Write a function that, given a positive integer, will express that number as a series of simple mathematical operations (add, subtract, multiply, divide) using only single-digit numbers. Output of the function is a string containing a postfix expression.

So, for example, 36 would result in 66* or 94*. 11 would be 92+ or 74+, etc. The number 101 could be expressed as 554**1+.

It didn’t take long to come up with a recursive function that meets the requirements. Here it is in C#:

    string GetExpression(int val)
    {
        if (val < 10)
        {
            return val.ToString();
        }
        int quo, rem;
        // first see if it's evenly divisible
        for (int i = 9; i > 1; --i)
        {
            quo = Math.DivRem(val, i, out rem);
            if (rem == 0)
            {
                if (val >= 90 || (val < 90 && quo <= 9))
                {
                    // value is (i * quo)
                    return i + GetExpression(quo) + "*";
                }
            }
        }

        quo = Math.DivRem(val, 9, out rem);
        // value is (9 * quo) + rem
        // optimization reduces (9 * 1) to 9
        var s1 = "9" + ((quo == 1) ? string.Empty : GetExpression(quo) + "*");
        var s2 = GetExpression(rem) + "+";
        return s1 + s2;
    }

The overall idea here is that first I try to divide the number evenly by a one-digit number. If it does divide evenly, then the result is (x * quotient), where x is the divisor. If the number isn’t evenly divisible by a one-digit number, then the function divides the value by nine and generates (9 * quotient) + remainder.

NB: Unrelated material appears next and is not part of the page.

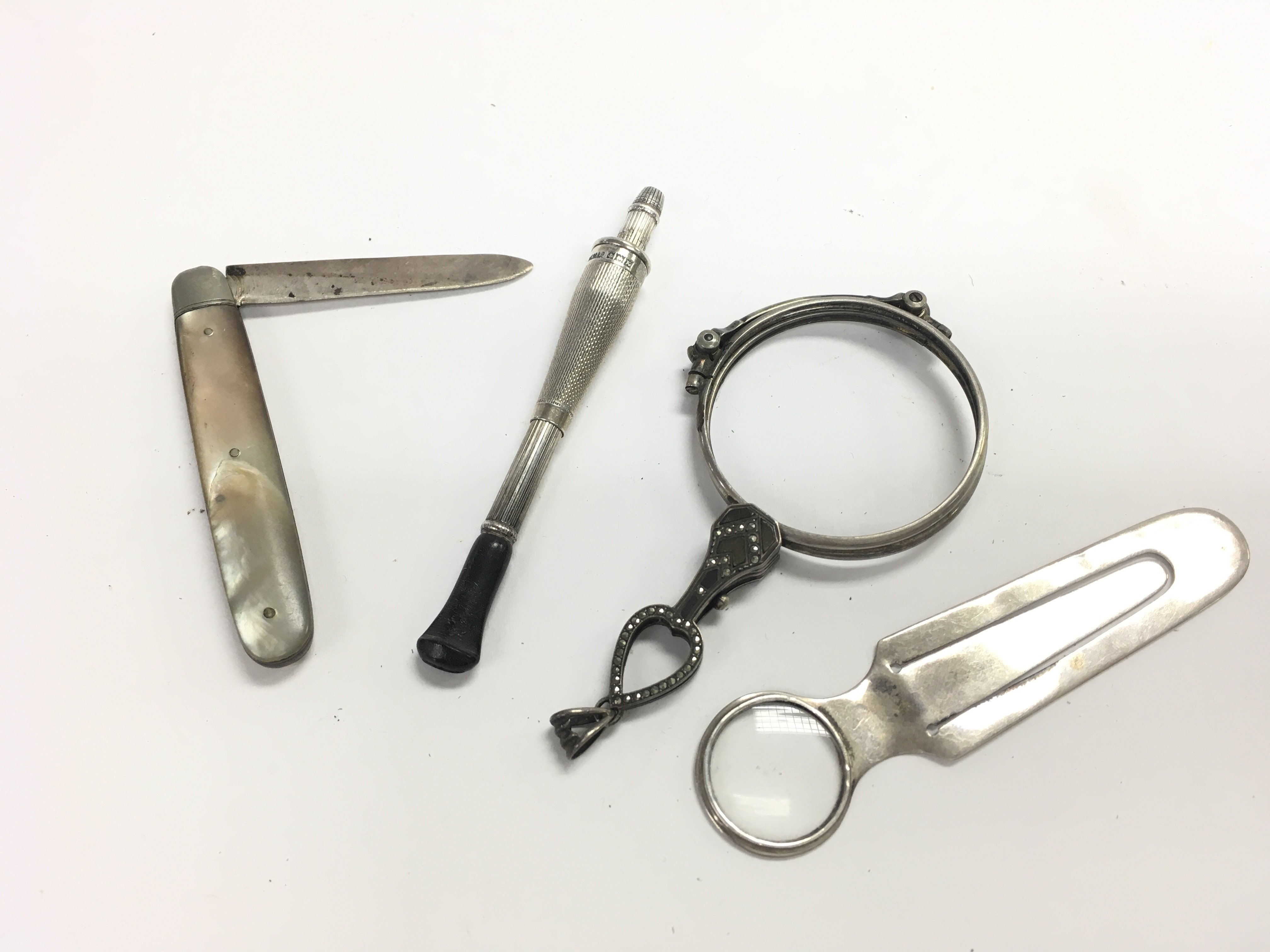 A silver hallmarked pen knife, silver book mark, silver lorgnettes and a silver cigarette holder. Postage category A

I made one simple optimization based on the observation that any number in the range 0-90 inclusive can be expressed either as the product of two single-digit numbers, or with an expression of the form (9 * x) + y, where x and y are one-digit numbers. 31, for example, is (9 * 3) + 4, or 93*4+ in postfix.

The function above generates the shortest possible expressions for all numbers in the range 0 through 90. I think its expressions for 91 through 101 are as short as possible, if non-obvious. But I know that it doesn’t always generate optimum expressions. For example, the generated expression for 10,000 is 85595*5+*** (it works out to (8 * 1250)). But 10,001 results in 99394*5+**4+*2+ (postfix for (9 * 1111) + 2). A shorter expression would be (10000 + 1) or, in postfix, 85595*5+***1+.

I’m at a loss as to how I would go about ensuring an optimum expression for any positive integer. I know that I could add more special cases, but I’m already disappointed by the existing special case in my algorithm for numbers 0 through 90. Even the check for even divisibility kind of bothers me, but that’s the only way I could find to make things reasonable at all.

If the puzzle interests you, I’d be interested in any insights.